Data Transfer Pauses on LSI 9271 RAID Controller

I have a server equipped with a LSI 9271-8i RAID controller, with 4 x 4TB organized as RAID-5 and 1 x 8TB as JBOD (which is called RAID-0 in the controller).

When I copy bigger amounts of data (~1 TB), I can observe the following: for the first few gigabytes the transfer speed is fine and limited by the disk or network speeds, usually ~100MB/s. But after a while, the transfer completely pauses for approx. 20-30 seconds, and continues then with the next approx. 1 GB. I copy a lot of files with each between 10MB and 500MB, and during the pause robocopy stays at a file and continues to the next after the pause. That way the overall transfer rate drops to ~20MB/s.

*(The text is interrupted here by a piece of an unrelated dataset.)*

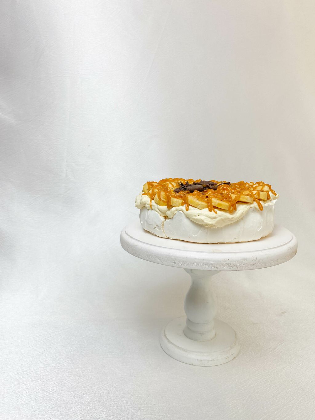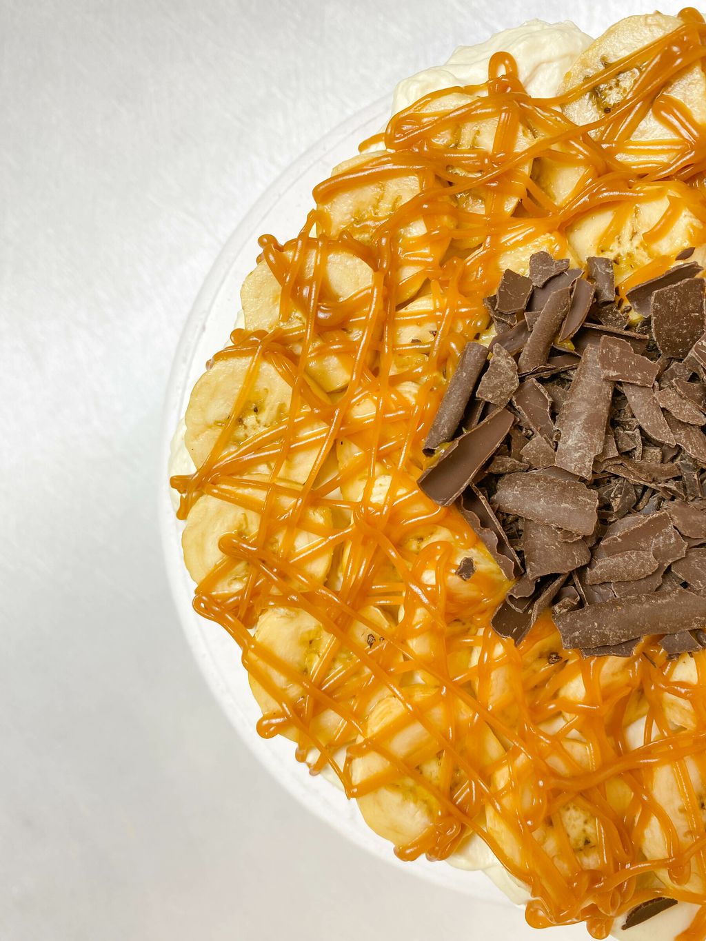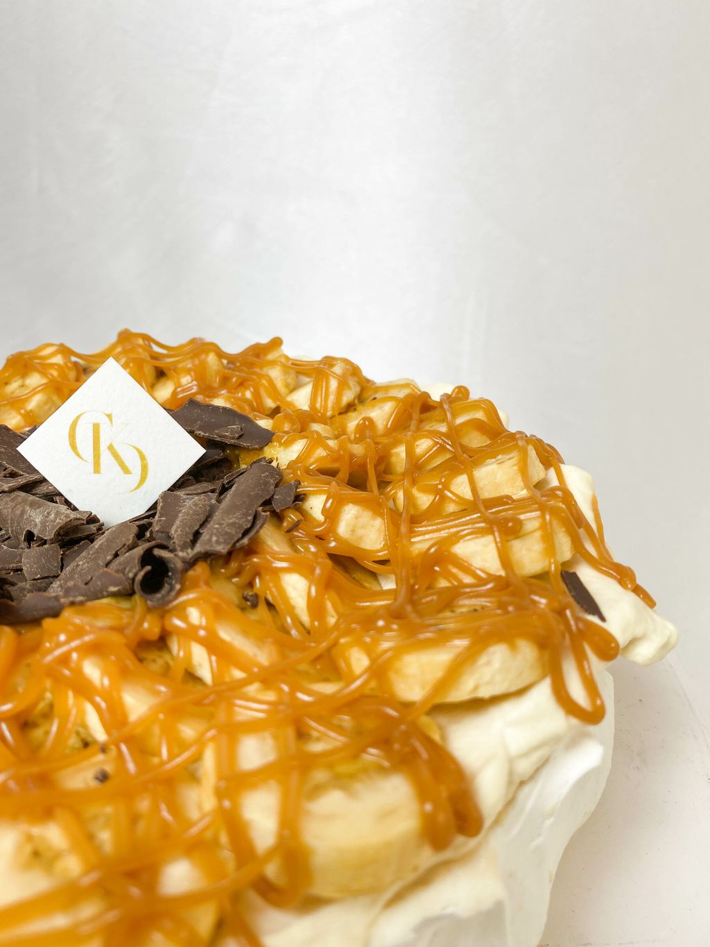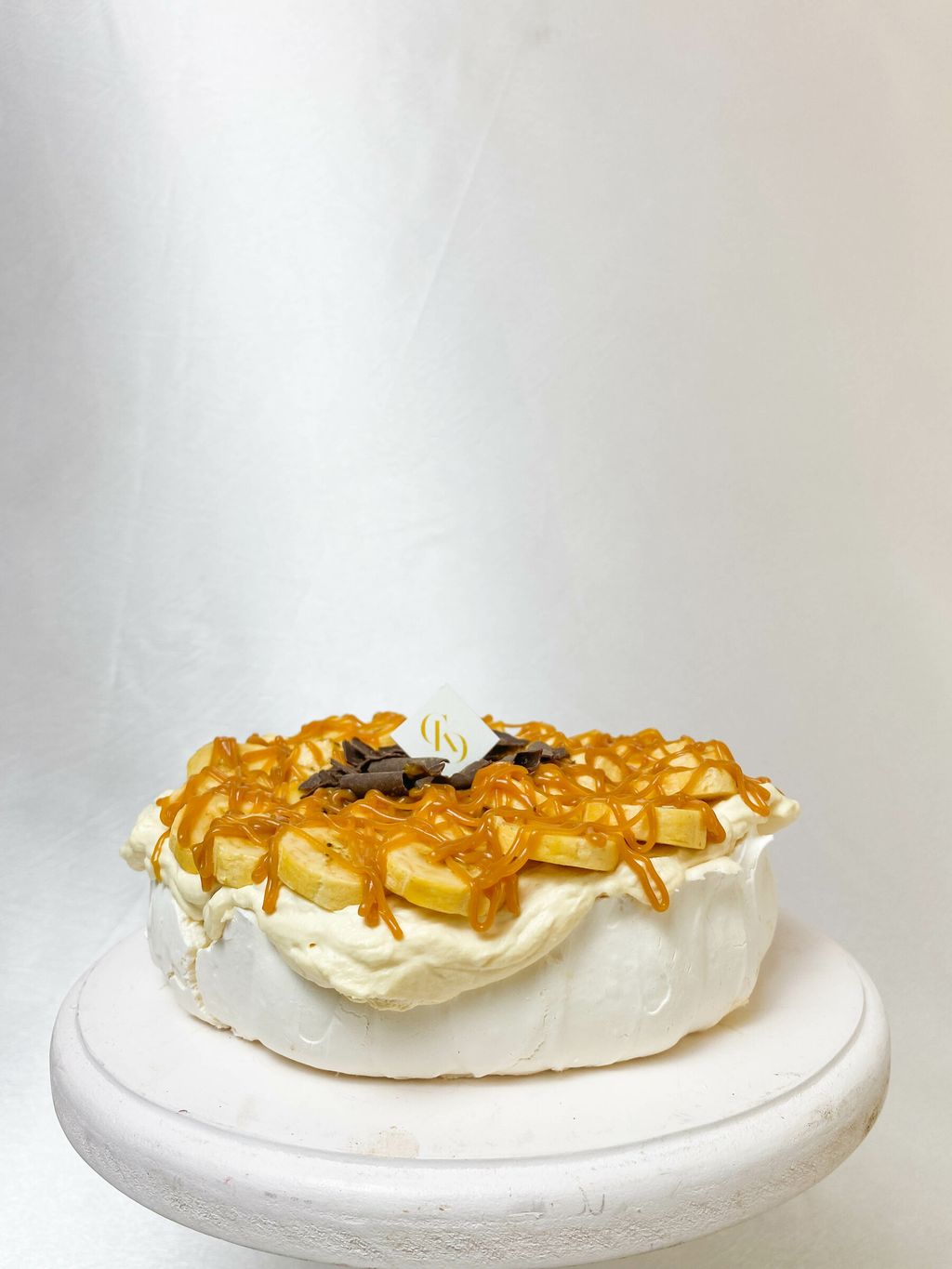 Pavlova paired with fresh whipped cream mixed with cocoa nibs and caramel sauce topped with fresh banana slices along with Biscoff crunch, chocolate shavings and drizzled with plenty of salted caramel sauce.

During the pause, browsing the drives' files is not possible, and in one case I received an controller reset error message ("Controller encountered a fatal error and was reset"). Also accessing controller data with the CLI tool is not possible during that pause (the result is displayed when the pause is over).

I could observe this behaviour when copying

  • gigabit network to RAID-5 volume
  • gigabit network to JBOD volume
  • JBOD to RAID-5
  • RAID-5 to JBOD

There is nothing going on that looks suspicious to me: temperatures (disks, BBU) are within the valid range, controller temp seems a bit high, but also within specs. No checks are running on the RAID, no rebuild in progress.

Any guesses?

Before I replace the controller, I want to try optimizing the thermal situation. Does this behaviour sound like a possibly thermal issue?

I find it strange that the first 20-30 GB are working fine, and the pauses are not ocurring before that. If I leave the server alone for a while and retry, then again a few GBs are copied fine. The only naive explanation for me is that the controller gets too hot. Why the controller and not the disks? The RAID-5 disks are 7200rpm and stacked very closely, while the JBOD single disk is 5400rpm and with a lot of air around. Would be strange if both would show the same overheating symptoms.


Solution 1:

I had a similar issue with a 9260-16i. It was not temps as I have dual 92mm fans blowing right on the LSI. I have a second server set up same way and it was fine. What I discovered was the server with the issues was set with a 64K strip size and working server had 256K stripe size. I backed up the problem server and rebuilt the drive group with 256K stripe and then formatted the OS drive with 64K clusters (since I have multi-GB file). I have been moving data back and no hesitations and basically running at full gigabit NIC speed on writes moving over 350GB per hour non-stop no pauses.